** Opening DATASET CONTENT block **

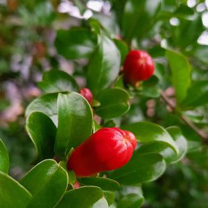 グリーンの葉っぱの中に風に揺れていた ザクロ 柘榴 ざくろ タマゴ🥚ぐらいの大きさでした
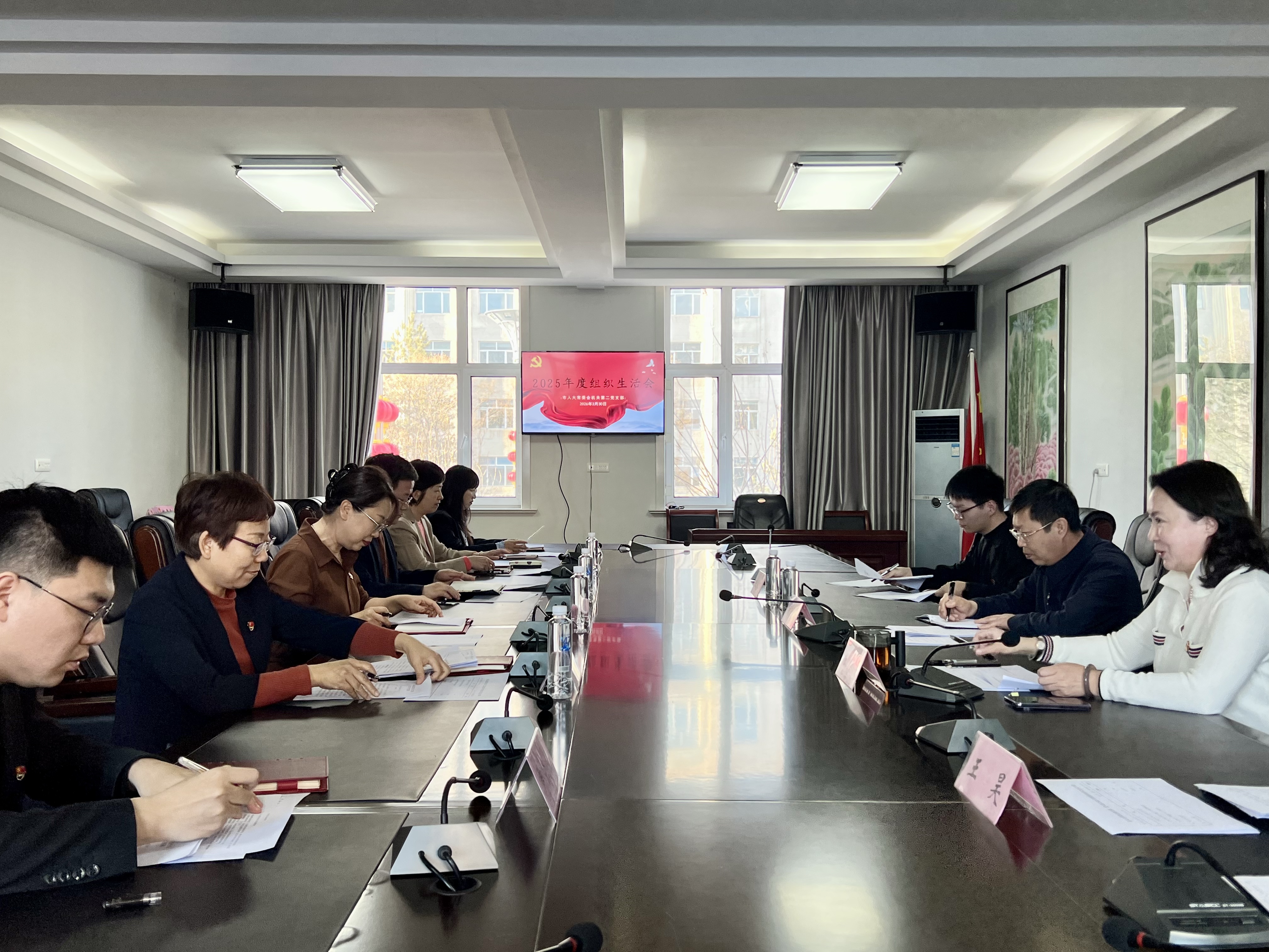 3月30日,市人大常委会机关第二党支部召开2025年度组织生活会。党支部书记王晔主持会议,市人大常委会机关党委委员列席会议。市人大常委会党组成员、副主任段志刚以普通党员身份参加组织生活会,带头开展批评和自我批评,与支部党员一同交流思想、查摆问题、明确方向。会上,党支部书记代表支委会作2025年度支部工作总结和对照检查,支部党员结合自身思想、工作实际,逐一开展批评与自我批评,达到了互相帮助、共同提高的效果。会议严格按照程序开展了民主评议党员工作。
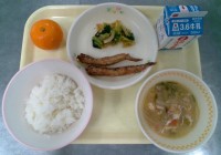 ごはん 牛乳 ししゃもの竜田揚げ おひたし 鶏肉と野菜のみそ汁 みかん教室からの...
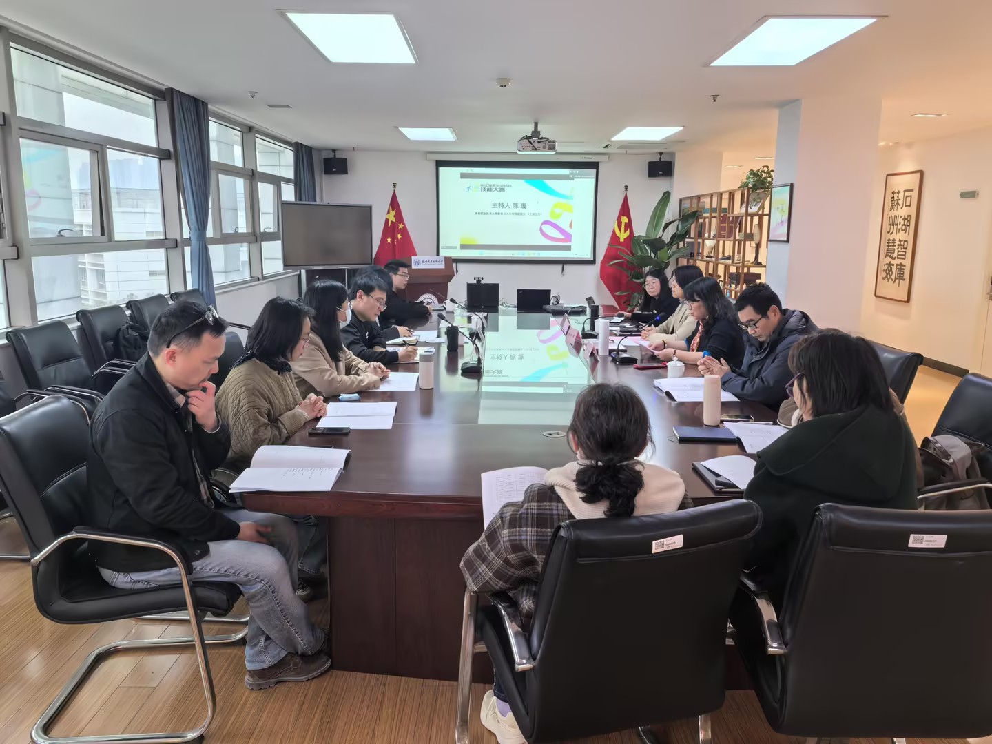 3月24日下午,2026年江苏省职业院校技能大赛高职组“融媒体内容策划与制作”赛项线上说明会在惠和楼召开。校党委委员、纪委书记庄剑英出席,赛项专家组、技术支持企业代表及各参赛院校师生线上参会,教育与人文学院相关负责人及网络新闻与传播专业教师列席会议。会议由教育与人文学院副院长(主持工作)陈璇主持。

** Closing DATASET CONTENT block **

**WHAT THE TASK REQUIRES**
Give again, word for word, only the lines from the line containing "3月30日,市人大常委会机关" through the last line above, both included; leave the pictures out.

**RESULT FOR THIS TASK**
 3月30日,市人大常委会机关第二党支部召开2025年度组织生活会。党支部书记王晔主持会议,市人大常委会机关党委委员列席会议。市人大常委会党组成员、副主任段志刚以普通党员身份参加组织生活会,带头开展批评和自我批评,与支部党员一同交流思想、查摆问题、明确方向。会上,党支部书记代表支委会作2025年度支部工作总结和对照检查,支部党员结合自身思想、工作实际,逐一开展批评与自我批评,达到了互相帮助、共同提高的效果。会议严格按照程序开展了民主评议党员工作。
 ごはん 牛乳 ししゃもの竜田揚げ おひたし 鶏肉と野菜のみそ汁 みかん教室からの...
 3月24日下午,2026年江苏省职业院校技能大赛高职组“融媒体内容策划与制作”赛项线上说明会在惠和楼召开。校党委委员、纪委书记庄剑英出席,赛项专家组、技术支持企业代表及各参赛院校师生线上参会,教育与人文学院相关负责人及网络新闻与传播专业教师列席会议。会议由教育与人文学院副院长(主持工作)陈璇主持。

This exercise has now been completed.